21 swings is a project of the Montréal, QC based Daily Tous Les Jours, well known for their over-the-top interactive public structures. The swings, pictured below, play a variety of pre-recorded musical sounds from xylophone, piano, and other instruments while in use. Here is an awesome video of these swings in use.
14. United States
U.S. bus stops vary city-to-city, but generally look like the one pictured below. U.S. cities tend to stray away from incorporating new technology into bussing stops (like those of Canada and Germany), and serve as no tourist attraction whatsoever.
Inspired by the pumpkin carriage from Cinderella, Japan’s fruity bus shelters further justify the country’s known image of being extremely design-savvy. Here is a slideshow of some more Japanese bus shelters in the form of watermelons, strawberries, tomatoes, and many more!
Indian’s clearly don’t value their personal space like the American’s do. Is there mutual agreement that the people pictured here look like birds on an electricity line? Furthermore, I don’t think the Americans could you cope with being this close to complete strangers.
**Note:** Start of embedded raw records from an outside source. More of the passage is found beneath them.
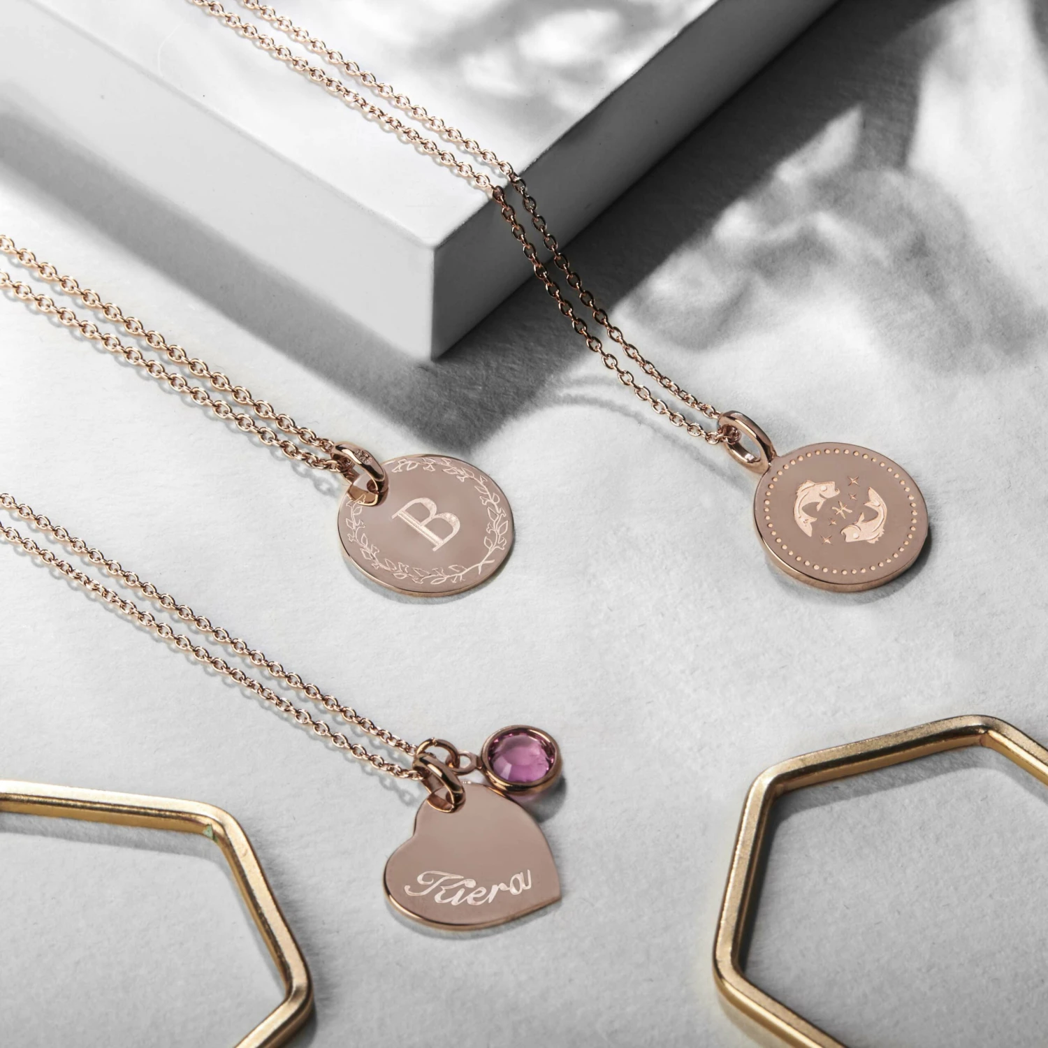 Swarovski® birthstone crystal on heart personalised necklace made in solid 925 sterling silver with rose gold plate. A classic but contemporary piece from MYRI London which complements any style, this rose gold heart should be a staple item in any jewellery collection. Smooth curving lines define this item, offering gentle sensibilities and the crystal birthstone adds an additional personal touch. The broader shape makes the perfect stage for a beautiful personalised engraving, and all engraving is carried out with the finest diamond-tipped cutters.
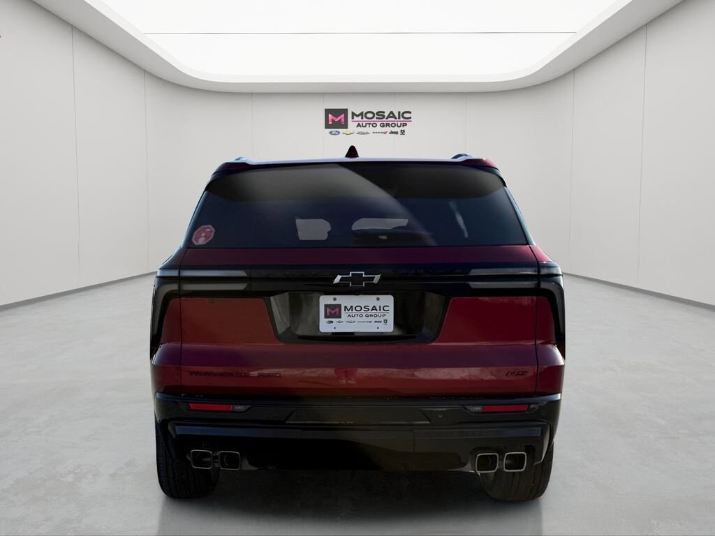Mosaic Auto Group: One Name. One Location. One Goal. Bring trust in car buying and passion into service.This 2025 Chevrolet Traverse RS is a standout in its class, boasting an impressive array of premium features that elevate your driving experience. Prepare to be captivated by its sleek exterior, powerful performance, and unparalleled comfort.- Navigation/Nav/GPS- Bluetooth Hands-Free Phone and Audio- Apple CarPlay & Google Android Auto- Dual-Climate Control- Automatic Headlights- Keyless Access w/Pushbutton Start- Remote Start System- Rear View Camera- Heated Steering Wheel- Heated/Cooled Front Seats- Heated Second-Row Seats- Power Liftgate- Accident-Free- Forward Collision Alert- Lane Keep Assist w/ Lane Departure Warning- Following Distance Indicator- Power Driver SeatPowered by a 2.5L DOHC engine and an 8-Speed Automatic transmission, this Traverse RS delivers a dynamic and responsive driving experience, with the added confidence of All-Wheel Drive. Boasting an impressive 19 MPG in the city and 24 MPG on the highway, this SUV strikes the perfect balance between power and efficiency.Step inside and be enveloped in the luxurious Perforated Leather-Appointed Seat Trim, where the Heated and Ventilated Front Seats, along with the Heated Rear Seats, ensure your utmost comfort no matter the weather. The Bose Premium 12-Speaker Audio System and the 17.7 Diagonal Display with the latest infotainment technology will keep you entertained and connected on every journey.Safety is paramount in the 2025 Traverse RS, with features like Forward Collision Alert, Lane Keep Assist with Lane Departure Warning, and the Rear View Camera providing you and your loved ones with the confidence you deserve. The Accident-Free history of this vehicle further reinforces its reliability and peace of mind.Discover the perfect blend of style, performance, and technology in this exceptional 2025 Chevrolet Traverse RS. Schedule a test drive today and experience the difference for yourself.Drive a little, SAVE a lot with Mosaic Chevrolet Zumbrota. Your hometown team standing behind every mile. Backed by our FREE Lifetime Powertrain Warranty, ask your sales consultant today. Plus, enjoy a $500 Trade-In Bonus when you trade your current vehicle (see dealer for details).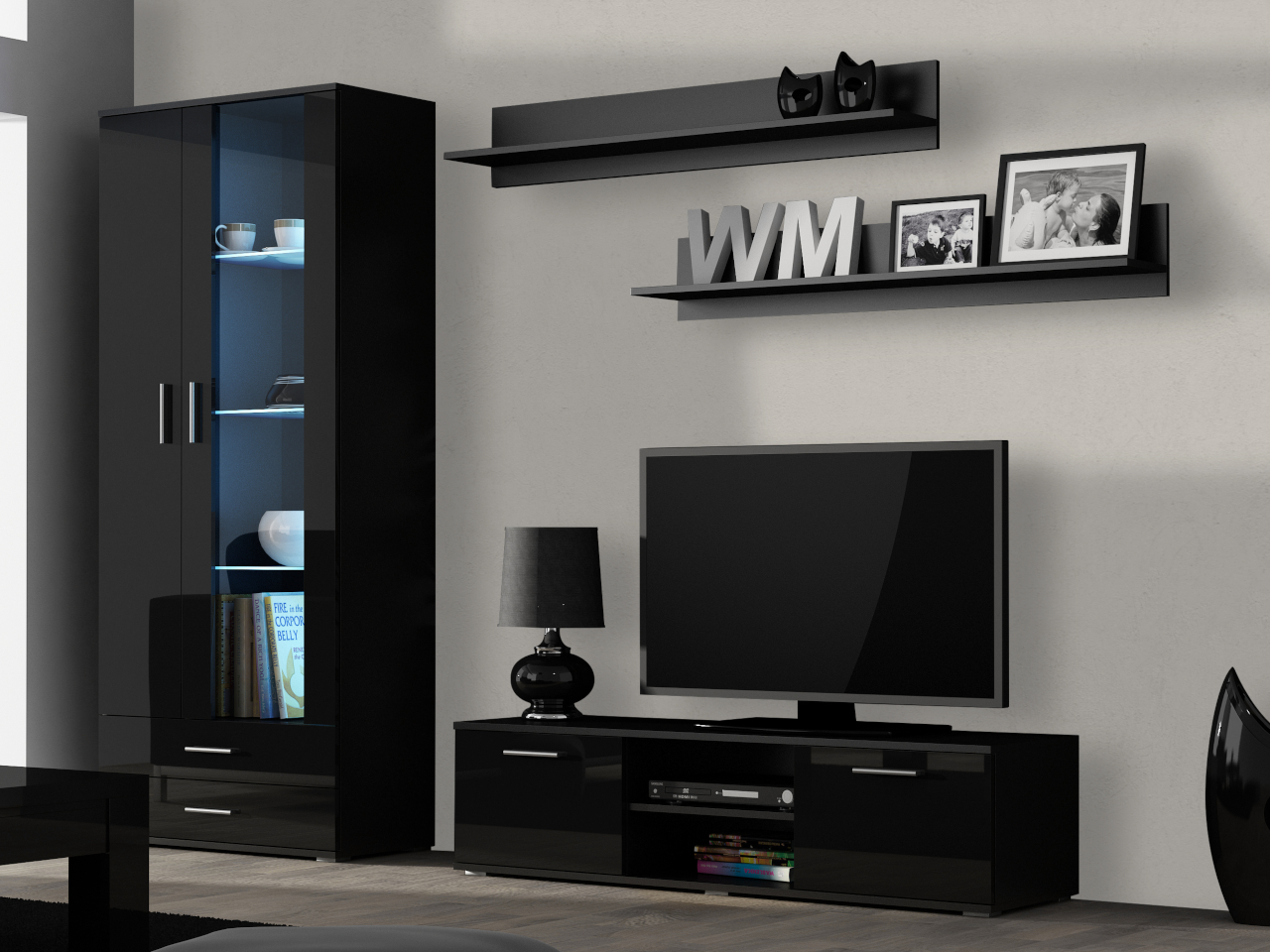 Hohe Vitrine SINDI SH7 (80/192/41) TV Lowboard 140 SINDI SH4 (140/37/43) Wandregal SINDI SH5 (125/20/20)- 2 Stücke |

If you live in Dubai, and just so happen to be a regular citizen forced to use public transportation instead of a fancy Range Rover or Lamborghini to get to-and-from work, you’re not completely out of luck. Fortunately, Dubai uses air conditioned bus stops to keep people cool in the excruciating year-round heat and humidity.
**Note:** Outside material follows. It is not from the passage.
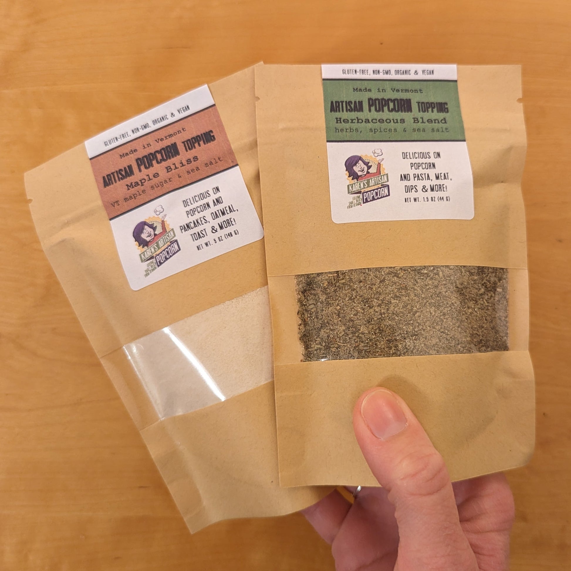 Do you just love the smell of popcorn wafting through your home when you make a batch? Well, then you will absolutely fall in love with my special blend of organic, gourmet kernels. Now you can make Karen's Artisan Popcorn right at home, HOT of the stove! Pair it with one of my Artisan Popcorn Toppings for the ultimate KAP experience, or get one of my DIY Popping Kits. Perfect for movie nights, game days, parties, lunchbox treats, corporate gifts, Made-in-Vermont gifts, or treat yourself, you deserve it!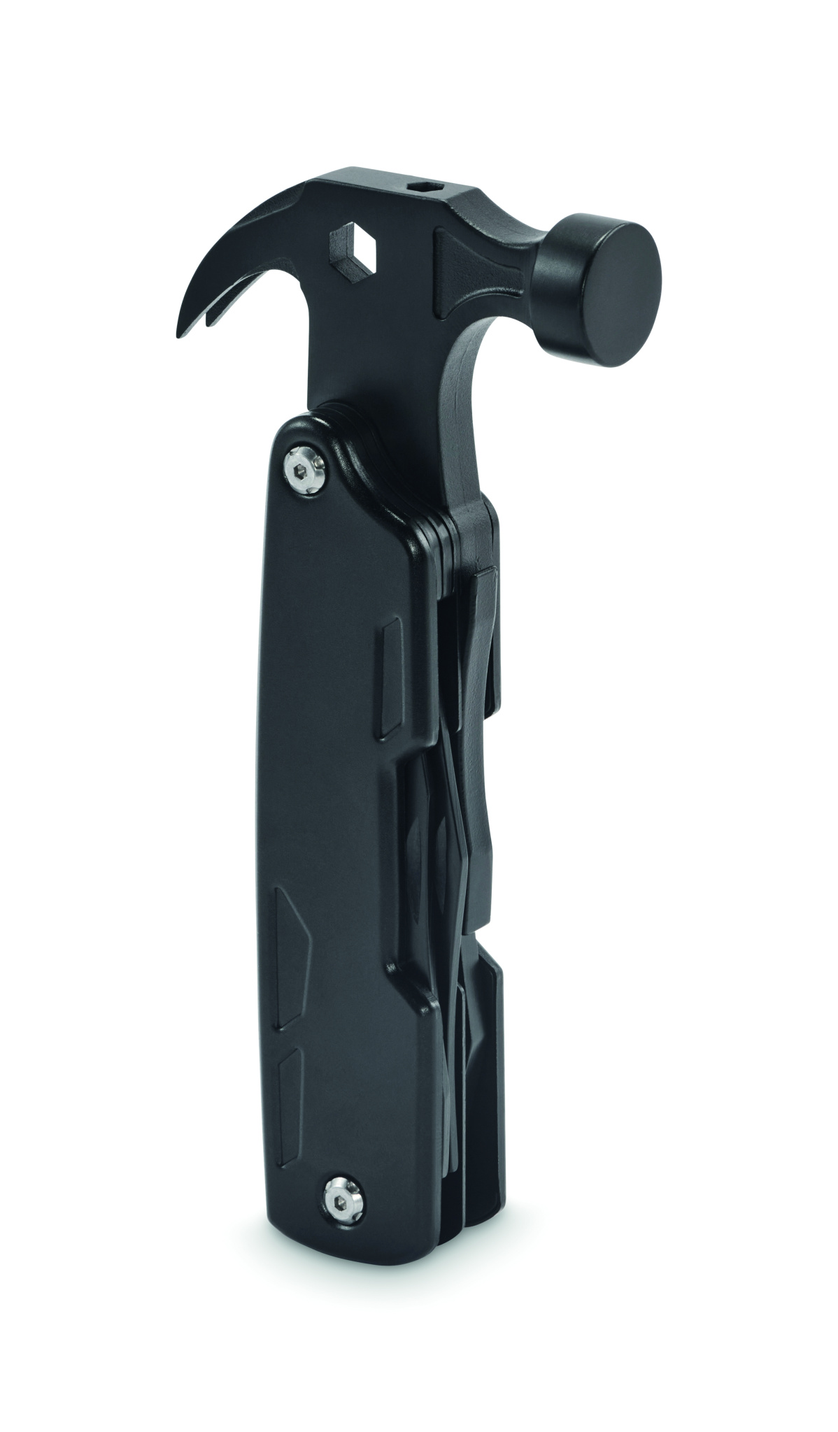 14-in-1 stainless steel multi tool hammer. With nail puller, hex wrench, serrated knife, steel file, variety of screwdrivers, regular pliers, needle-nose pliers, bottle opener, knife, wire cutter.

Brazil’s futuristic glass-tube bus stops are designed to enable faster and more efficient boarding. These “tube stations” are leading the revolution in Bus Rapid Transit (BRT) travel, and Brazil is at the center of it’s success. There are currently 357 tube stations in the Brazilian city of Curitiba alone.
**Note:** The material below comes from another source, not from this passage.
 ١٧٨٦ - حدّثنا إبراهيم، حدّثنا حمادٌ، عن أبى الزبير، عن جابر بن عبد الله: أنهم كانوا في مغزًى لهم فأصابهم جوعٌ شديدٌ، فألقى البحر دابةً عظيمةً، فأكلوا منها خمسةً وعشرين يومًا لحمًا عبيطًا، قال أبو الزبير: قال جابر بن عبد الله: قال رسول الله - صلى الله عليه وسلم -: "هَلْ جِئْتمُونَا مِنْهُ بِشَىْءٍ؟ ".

France has its own vision for the future of bussing: Free WiFi, coffee kiosks, and easy to access electric city bikes. The people of Paris can’t complain. These stations have been coined “a place for social innovation” given Paris’ large commuter population.
The EyeStops, designed by the SENSEable City Lab of MIT has completely changed the image of public transportation in the city of Florence. These interactive urban stations are completely solar-powered and boast touchscreen displays of everything from bus schedules and routing shortcuts to bus location tracking. Check out even more pictures of these stations in use here.
If you ever happen to stumble into Austria, it might be worthwhile to check out this piece of art in the village of Krumbach. This whimsical structure was designed by Japanese based Sou Fujimoto architects and undoubtably challenges the status quo of traditional Austrian infrastructure.
6. The Netherlands
This “video bus stop”, located in Groningen, is made up of marble, glass, and corrugated steel, and situated in a forest-like environment. The structure features built-in TV monitors to serve commuters leisure while awaiting for their bus.
Designed by Los Angeles based architect Frank Gehry, this art project turned bus stop situated in Braunschweiger Square looks like the ordinary U.S. bus stop pictured above. Although it boasts no advanced technology features like many prior, its fascinating overhead is truly a work of art.
The “IKEA stop” is a clever advertising campaign strategy by presumably IKEA’s marketing team. By turning a traditional wood and steel seating area into a comfy living room space, IKEA hopes to sway customers in their direction. This clearly outdoes billboard advertising.
So technically this is a picture of an old Soviet Union roadside bus shelter, but it is still alive in the city of Moscow today (despite being on verge of collapse). This bus stop is just one of many examples of how horrible communism was for Russia. Clearly, had the Soviet Union not been defeated, Russia today would look more like the Stone Age than the technologically advanced modern society we have today.
The Bohl Bus and Tram Stop is located in the city of St. Gallen. This chrome and steel truss structure has a steel arch nearly 40 meters long supporting the roof which expands at a depth of nearly eight meters from its center. The Bohl is one of the most spacious bus stops in Switzerland and in the world today.
Could we really expect any more than this eyesore of a bus stop from the totalitarian communist state of Cuba? Located in Tacajo, Holguin, Cuba, this graffiti-littered bus stop likely belongs to the state. Actually lets take that back, it without a question belongs to the state.